Last Week In Review
Last week stocks finished with steep losses despite some early-week strength. The equities market turned south on Thursday afternoon, and the selling accelerated on Friday following the release of hotter-than-expected consumer price index (CPI) data for May. At the beginning of the week, trading volumes were light, and volatility measured by the Chicago Board Options Exchange (CBOE) Volatility Index, known as the VIX, was relatively low. Still, volatility turned sharply higher at the end of the week.
Oil prices climbed for most of the week before falling on Friday, finishing the week modestly higher and supporting energy sector stocks to some degree. Losses in the tech-heavy Nasdaq Composite were worse than in the broad market as higher interest rates reduced the appeal of companies that may not generate meaningful earnings until well into the future. Value stocks held up better than growth stocks.

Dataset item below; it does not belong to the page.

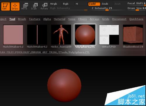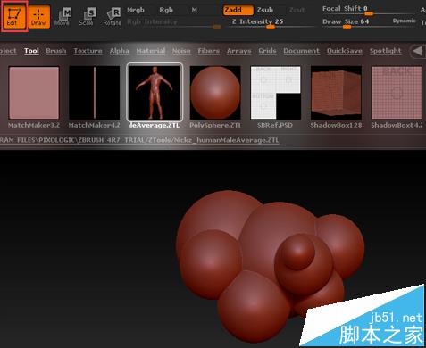 1、打开ZBrush软件,随意找到一个模型,Tool菜单下的PolySphere.ZTL在画布位置任意拖拽多次,得到如图所示的效果

In the latest sign of major retailers struggling with supply and demand mismatches, Target made profit estimates lower on Tuesday for the second time in three weeks. The company cited large stockpiles of goods like electronics and patio furniture that have fallen out of favor with consumers, forcing the retailer to discount them and higher transportation and energy costs. However, Target announced Friday that it would increase its annual dividend by 20%.
US – Markets & Economy
The May CPI release was the focus of the week’s economic data. The report showed that headline inflation was 8.6% from a year earlier, topping consensus estimates. May’s headline CPI was also higher than April’s 8.3% reading, disappointing investors who had been looking for price increases to slow. Core CPI, excluding food and energy, climbed 6% from a year ago, faster than consensus estimates.
In a sign that the labor market may be loosening, weekly initial jobless claims increased and hit their highest level since January. However, the acceleration in headline inflation keeps pressure on the Federal Reserve (Fed) to raise rates aggressively and anticipation of more hikes of 50 basis points each—rather than 25—into the year’s second half. (A basis point is 0.01 percentage points). The next Fed policy meeting is this week (June 14‒15).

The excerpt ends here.